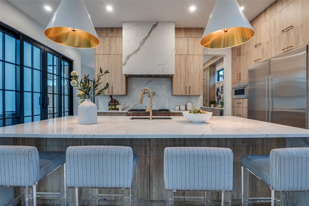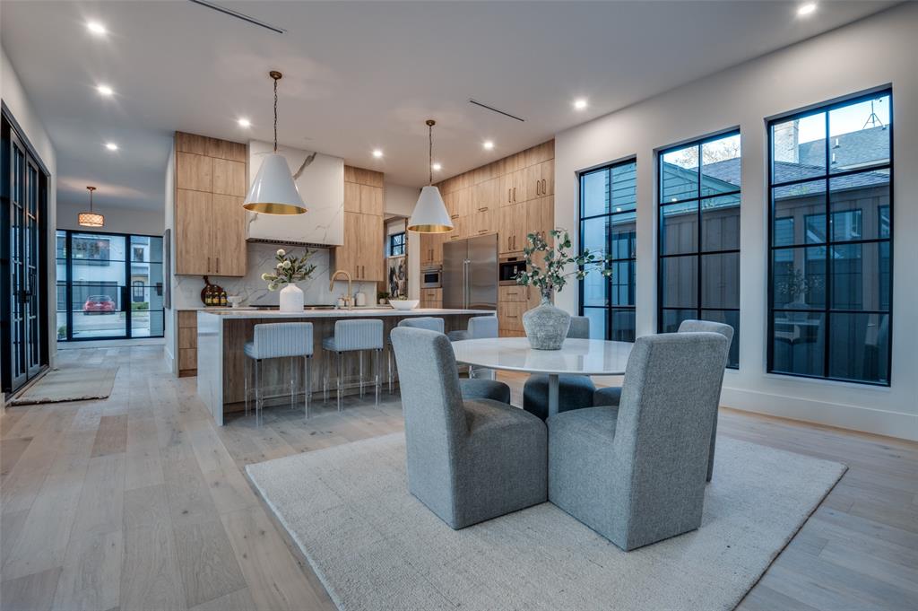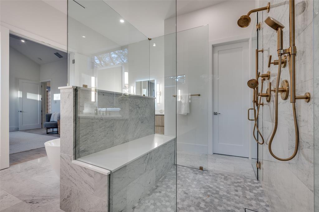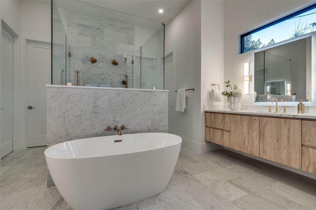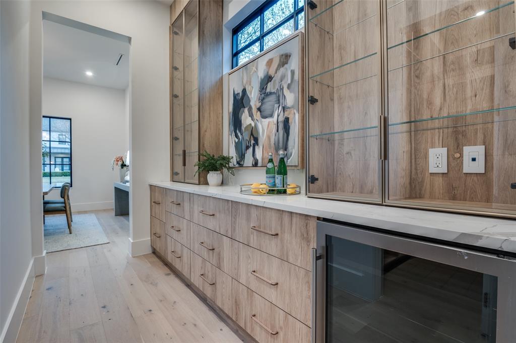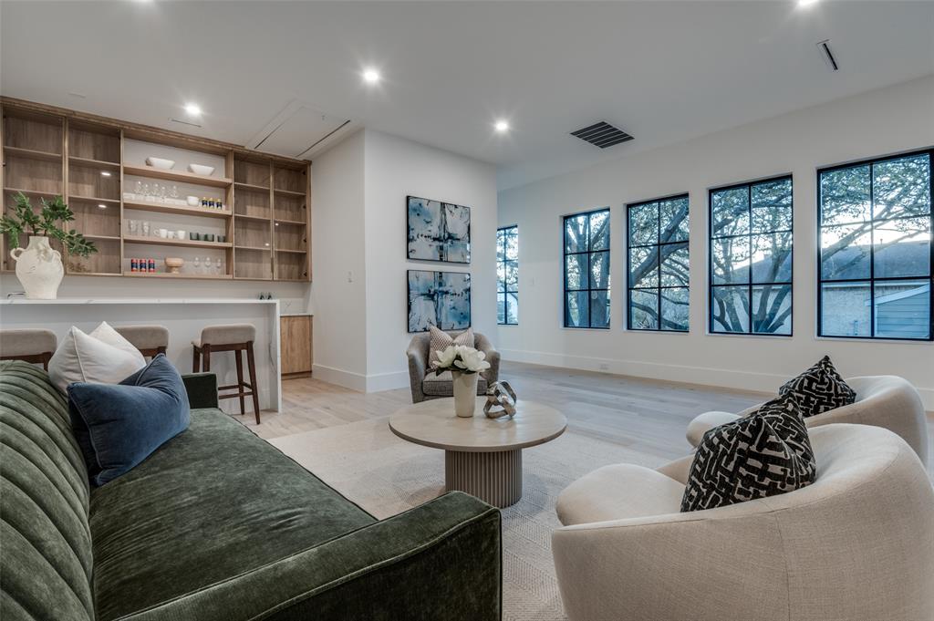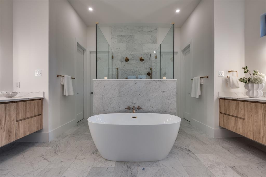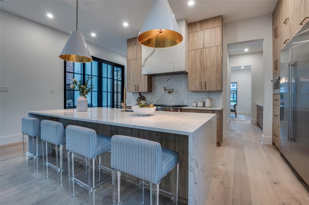 Built by Jain Homes, this 4-bedroom, 4-bathroom, 2-powder bath new construction, rear-load home in coveted Briarwood spans 4,866 SF on an interior lot surrounded by large, mature trees. The open floor plan, designed for entertaining, centers around the stunning and spacious chef's kitchen which seamlessly connects to the family room and overlooks the turfed yard. The home showcases a desired first floor primary suite with vaulted ceilings, backyard views and resort style bathroom with dual vanities, toilets and walk-in closets. Additionally, the first floor features a paneled study and elegant formal dining room with connected butler's pantry. Upstairs, the front two bedrooms contain ensuite baths and walk-in closets designed with custom closets systems, while the third bedroom could easily be a second primary or mother-in-law suite with its oversized walk-in closet and generous bathroom containing both a soaking tub and shower. The second floor also offers a generous game room complete with a wet bar and flex space perfect for a gym or second home office. This prime location in the heart of Briarwood near Bluffview Park is closely situated near Dallas' finest shopping and dining establishments.
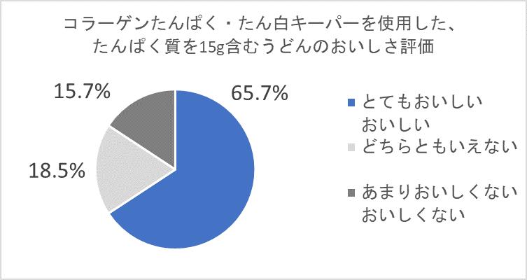 おいしさに関して、本品と新田ゼラチン株式会社のコラーゲンたん白を配合した、たん白質を15g含むうどんを作り、消費者108人に試食調査した結果、65.7%(71人)の人が「とてもおいしい」または「おいしい」と評価したことから、通常のうどんと遜色なく食べることができる風味・食感であることを確認しました。
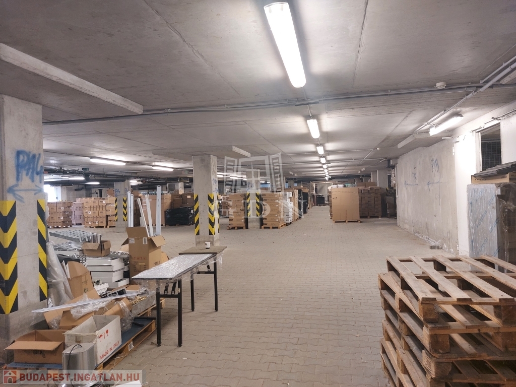 A raktárterületet az épület mélyszintjén található 2,6 m belmagasságú, tömbös tárolásra alkalmas.
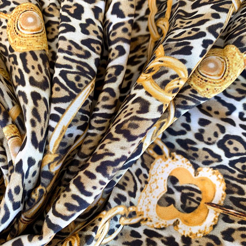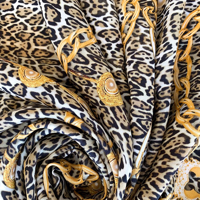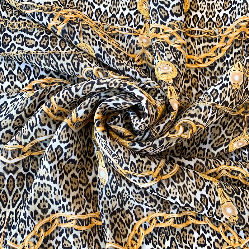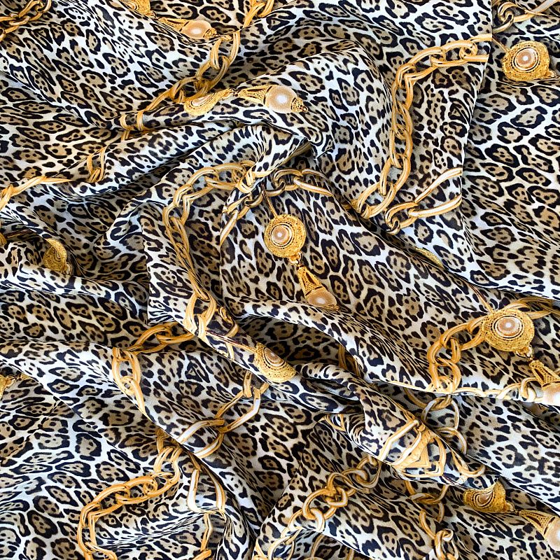 Крепдешин натуральный К32-243 бежево-серый принтованный в Великих Луках

**Activity:** Retype verbatim only the lines beginning with the line that contains "おいしさに関して、本品と新田" and ending with the last line of the listing above; pictures are to be excluded.

**Exercise output:**
 おいしさに関して、本品と新田ゼラチン株式会社のコラーゲンたん白を配合した、たん白質を15g含むうどんを作り、消費者108人に試食調査した結果、65.7%(71人)の人が「とてもおいしい」または「おいしい」と評価したことから、通常のうどんと遜色なく食べることができる風味・食感であることを確認しました。
 A raktárterületet az épület mélyszintjén található 2,6 m belmagasságú, tömbös tárolásra alkalmas.
 Крепдешин натуральный К32-243 бежево-серый принтованный в Великих Луках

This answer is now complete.